25 September 2009, by Tom Marshall

Scientists have discovered that if you're trying to attract a partner, an athletic body helps but a good-looking face is more important.

Facial proportions

The science of attraction is complex; researchers have highlighted numerous cues that may affect how attractive someone is. Suggestions have ranged from facial symmetry to the ratio between body volume and height.

Many previous experiments tended to focus on just one of these factors at a time. But a study published in Evolution and Human Behavior is among the first to shed light on the relative importance of two traits.

The scientists set out to look at the relative importance of faces and bodies in making someone attractive. They showed 127 male and 133 female volunteers ten images of members of the opposite sex. The experiment took place over the internet, letting the scientists test more subjects than would have been possible if they had tried to get everyone into the lab.

The volunteers were asked to rate each image's attractiveness, both for a long-term relationship such as marriage and for a short-term fling. First they rated separate images of body and face, before finally seeing and rating pictures showing both.

In both sexes, the scientists found that faces were more important than bodies in determining who the volunteers found attractive overall – scores for facial beauty were a better predictor of the model's overall rating than scores for bodily attractiveness.

They write that this implies 'facial attractiveness is more important than bodily attractiveness in human mate choice decisions.'

Intriguingly, though, men seem to look for slightly different things in short-term and long-term partners. Whether they were being asked to evaluate partners for long-term or short-term relationships made no difference to female volunteers. In both cases, faces were more important than bodies.

But for men, an attractive body becomes relatively more important when choosing potential short-term partners than for long-term relationships – although faces were still the bigger factor in their decisions.

This may be because women evaluate the balance between face and body differently from men, or because the way the choice was posed didn't affect their assessments in the same way as it did those of the male volunteers.

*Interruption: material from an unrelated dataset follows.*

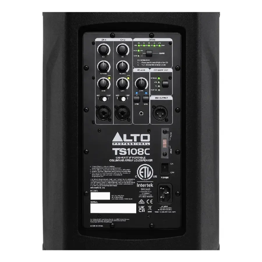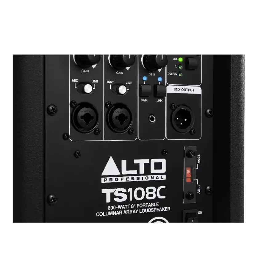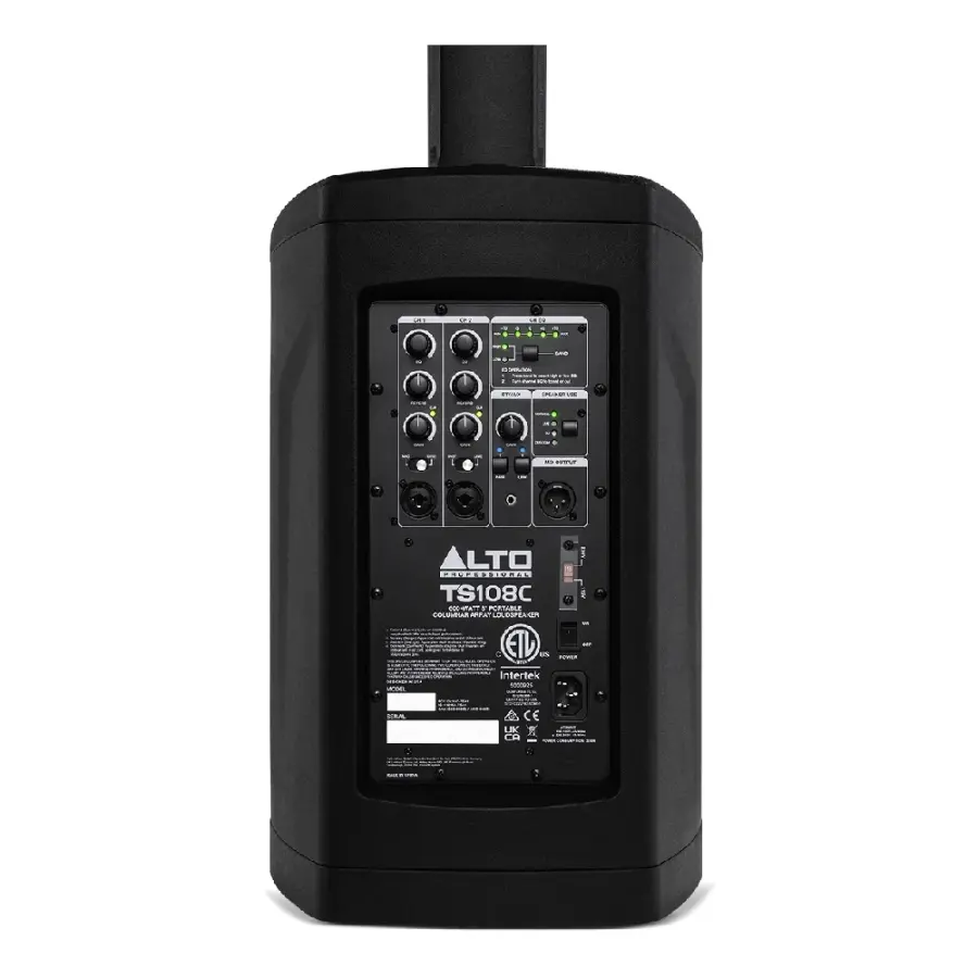Alto Professional TS108C, kompakt kolon tipi line array yapısı ile taşınabilirlik ve net ses performansını bir araya getiren profesyonel bir PA hoparlör sistemidir. Küçük ve orta ölçekli etkinlikler, sunumlar, canlı performanslar ve mobil kullanım senaryoları için tasarlanan bu model, tek bir sistemle dengeli ve kontrollü bir ses yayılımı sunar.

'I certainly think that women's preferences are probably different depending on whether they are looking for a short-term or a long-term relationship,' comments Dr Tom Currie, a post-doctoral researcher in the Department of Cognitive and Behavioral Science at the University of Tokyo and co-author of the paper.

'However, because we are only looking at overall facial attractiveness and overall body attractiveness we may not be picking these differences up.'

In evolutionary terms, the challenge we all face is to find a partner who has good genes and is in prime condition to conceive and raise healthy children. Many of the things that attract us to a potential partner may be signs that they would be such a high-quality mate.

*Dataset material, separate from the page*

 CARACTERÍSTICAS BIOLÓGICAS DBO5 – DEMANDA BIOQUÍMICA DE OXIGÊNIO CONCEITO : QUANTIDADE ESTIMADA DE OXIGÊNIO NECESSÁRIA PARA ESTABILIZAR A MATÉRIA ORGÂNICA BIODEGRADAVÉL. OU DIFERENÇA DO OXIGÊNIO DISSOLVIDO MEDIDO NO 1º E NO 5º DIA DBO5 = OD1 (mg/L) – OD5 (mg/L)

For example, a man's body may give clues to his athleticism and strength - qualities that would have been important for his ability to provide for his children in the environments in which humans evolved.

The various cues that scientists have suggested as forming the basis for attraction may act as back-up signals, all giving information about the same basic qualities.

But according to the paper's authors, their results support a different hypothesis - that different traits give potential partners information about different aspects of their fitness as a mate. A woman's face and body, that is, may be telling potential partners different things about her.

A symmetrical face may provide information about her genetic quality. Bodily characteristics, for example volume-to-height ratio, may provide different information, perhaps to do with health, sexual maturity and not being pregnant at the moment. It's possible these factors become more important for males considering a short-term relationship.

Why should faces be so vital to romantic success? One idea, the authors note, is that they have a lot of anatomical features packed into a relatively small area. This may mean it's easier to spot genetic or developmental abnormalities that may make someone less attractive as a prospective mate by paying close attention to the face than by looking at other parts of the body.

'Because the face contains a number of features in close proximity, deviations from symmetry may be more readily assessed in the face rather than the body,' Currie explains.

More generally, in most human societies facial expressions are vital to all kinds of social interactions. It could be that our social development has predisposed us to focus on faces, and that our sexual choices now take account of this focus.

In real-life mate choices, other factors that are harder to measure in the lab may also play a role. For example the way people move may give clues to their physical coordination, fitness, weight or social position. Currie notes that other researchers have been using motion-capture technology to deal with this question, and that such research may help us understand the complexity of how people go about choosing mates.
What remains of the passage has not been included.